What is term frequency inverse document frequency online? ›

TF stands for Term frequency, the weight of a term that occurs in a document is simply proportional to the term frequency. IDF stands for "inverse document frequency” or how popular a term is on other sites.

What is the inverse of frequency? ›

Frequency and period are the inverse of each other!

What is the difference between the BoW and the TF-IDF? ›

The BoW creates a series of vectors that contains the occurrences of a word in the document. Whereas the Tf-Idf holds information on the more important words and the less important ones separately. Also, interpreting the BoW vector is easy.

What is the formula for IDF log base? ›

IDF is defined according to the formula: IDF(t) = log( N / d(t) ), where N is the number of documents in the collection and d(t) is the number of documents in the collection where the term t occurs. NOTE: Here we employ logarithm of base 2.
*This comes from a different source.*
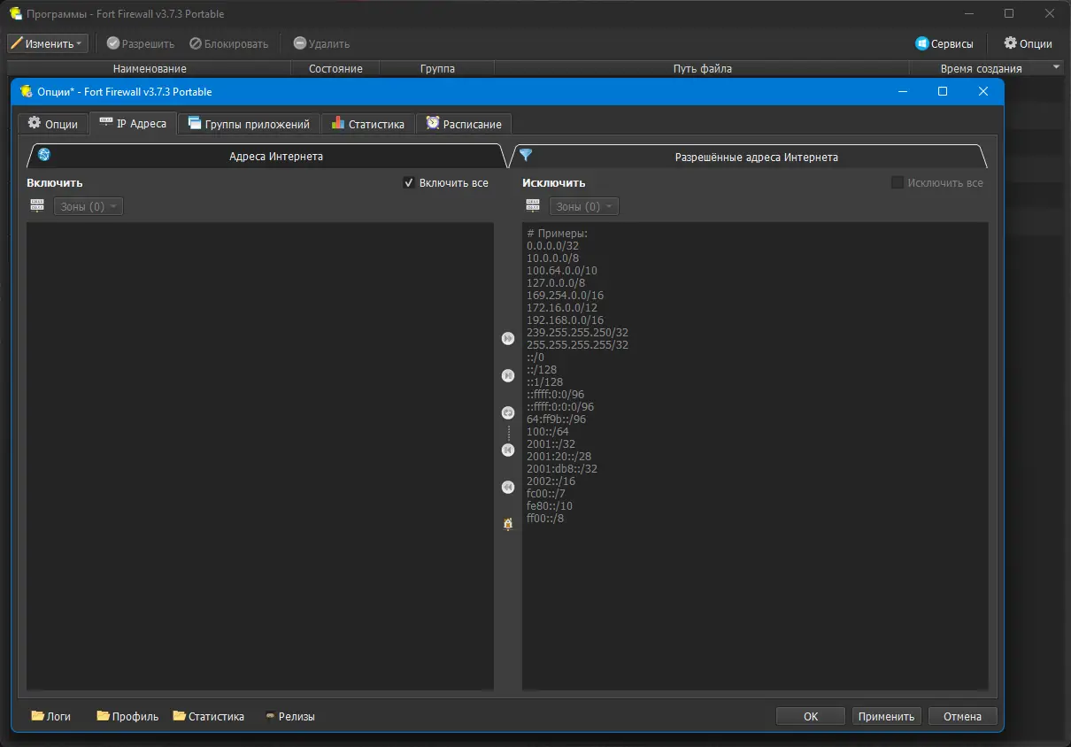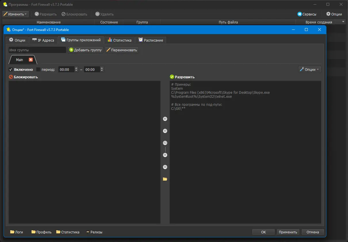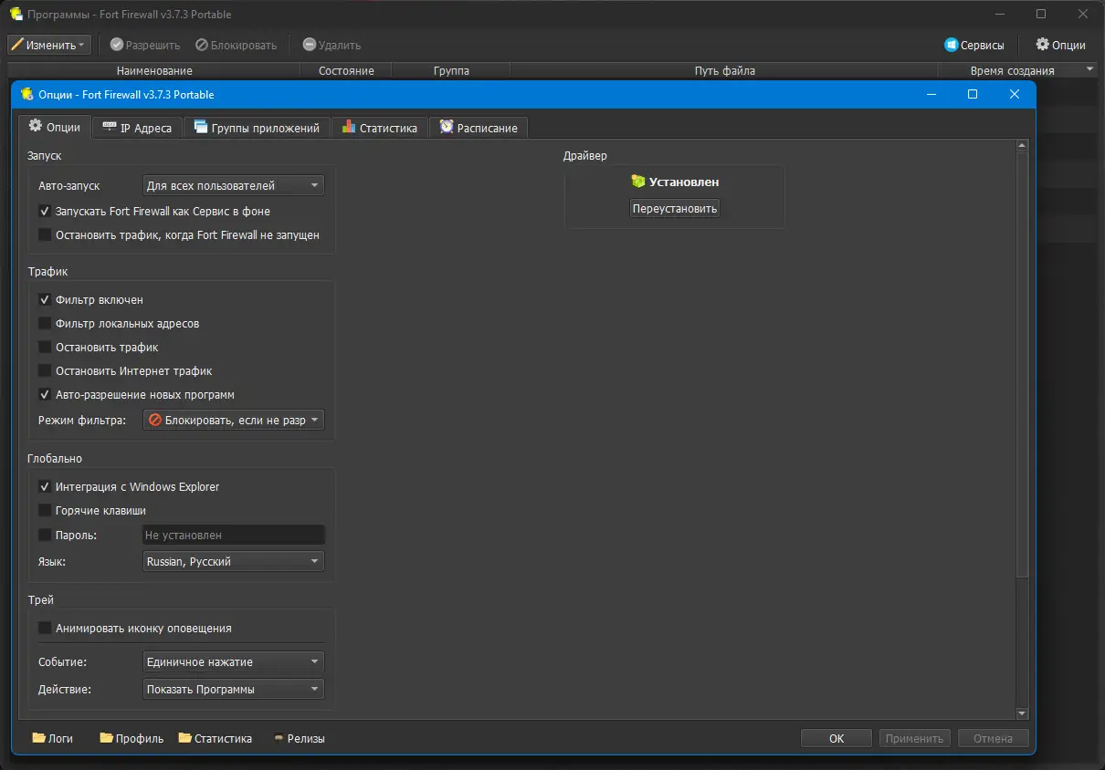 Работа с Fort Firewall

What is the inverse document frequency medium? ›

​Inverse Document Frequency (IDF)

IDF measures the rarity of a term across a collection of documents. It is calculated as the logarithm of the ratio of the total number of documents to the number of documents containing the term. The goal is to penalize words that are common across all documents.
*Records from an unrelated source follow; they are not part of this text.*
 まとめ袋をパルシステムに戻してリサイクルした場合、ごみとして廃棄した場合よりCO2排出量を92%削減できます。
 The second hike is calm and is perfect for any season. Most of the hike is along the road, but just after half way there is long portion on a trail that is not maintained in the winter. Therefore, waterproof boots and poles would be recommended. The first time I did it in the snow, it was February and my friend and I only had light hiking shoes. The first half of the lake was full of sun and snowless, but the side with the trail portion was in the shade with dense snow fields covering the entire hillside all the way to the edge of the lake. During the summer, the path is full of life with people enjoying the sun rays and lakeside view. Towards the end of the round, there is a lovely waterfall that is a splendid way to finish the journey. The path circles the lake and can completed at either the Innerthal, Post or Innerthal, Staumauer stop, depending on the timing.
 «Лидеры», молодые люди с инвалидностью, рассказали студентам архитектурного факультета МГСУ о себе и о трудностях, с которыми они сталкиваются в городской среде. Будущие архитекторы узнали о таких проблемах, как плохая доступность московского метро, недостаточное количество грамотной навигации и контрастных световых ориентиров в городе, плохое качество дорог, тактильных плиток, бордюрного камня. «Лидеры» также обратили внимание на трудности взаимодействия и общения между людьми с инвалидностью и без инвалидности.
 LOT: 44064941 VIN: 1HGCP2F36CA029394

Why is frequency inverse of time period? ›

In the derived relation, the unit for time is second, and the unit for frequency is Hertz (periods per second or cycle per second). The frequency and period are inverse functions because when the frequency is high, then the time period is low, or when the time period is low, then the frequency is increased.

What is an example of inverse document frequency IDF? ›

Inverse document frequency Term frequency is how common a word is, inverse document frequency (IDF) is how unique or rare a word is. Example, Consider a document containing 100 words wherein the word apple appears 5 times. The term frequency (ie, TF) for apple is then (5 / 100) = 0.05.

Is TF-IDF a word embedding? ›

TF-IDF is another way of performing these embeddings that improves the representation of words in our model by weighting them. TF-IDF is often used as an intermediate step in some of the more advanced models we will construct later.

What are the applications of TF-IDF in NLP? ›

A. TF-IDF (Term Frequency-Inverse Document Frequency) is used in NLP to assess the importance of words in a document relative to a collection of documents. It helps identify key terms by considering both their frequency and uniqueness.

What is term frequency-inverse document frequency in Python? ›

TF-IDF stands for “Term Frequency — Inverse Document Frequency”. This is a technique to quantify words in a set of documents. We generally compute a score for each word to signify its importance in the document and corpus. This method is a widely used technique in Information Retrieval and Text Mining.

What is term frequency-inverse document frequency online? ›

TF stands for Term frequency, the weight of a term that occurs in a document is simply proportional to the term frequency. IDF stands for "inverse document frequency” or how popular a term is on other sites.

What is TF-IDF, and BM25? ›

Intro. TFIDF (term frequency-inverse document frequency: wiki link) and BM25 (Okapi Best Matching 25: wiki link) are two methods for document searchs. The typical use case is when you have 1000 documents, and you want to retrieve the best matching document for the search query “dog”.

What is the difference between bag of words and TF-IDF? ›

Bag of Words just creates a set of vectors containing the count of word occurrences in the document (reviews), while the TF-IDF model contains information on the more important words and the less important ones as well. Bag of Words vectors are easy to interpret.

Top Articles
Latest Posts
Article information

Author: Nicola Considine CPA

Last Updated:

Views: 5243

Rating: 4.9 / 5 (49 voted)

Reviews: 88% of readers found this page helpful

Author information

Name: Nicola Considine CPA

Birthday: 1993-02-26

Address: 3809 Clinton Inlet, East Aleisha, UT 46318-2392

Phone: +2681424145499

Job: Government Technician

Hobby: Calligraphy, Lego building, Worldbuilding, Shooting, Bird watching, Shopping, Cooking

Introduction: My name is Nicola Considine CPA, I am a determined, witty, powerful, brainy, open, smiling, proud person who loves writing and wants to share my knowledge and understanding with you.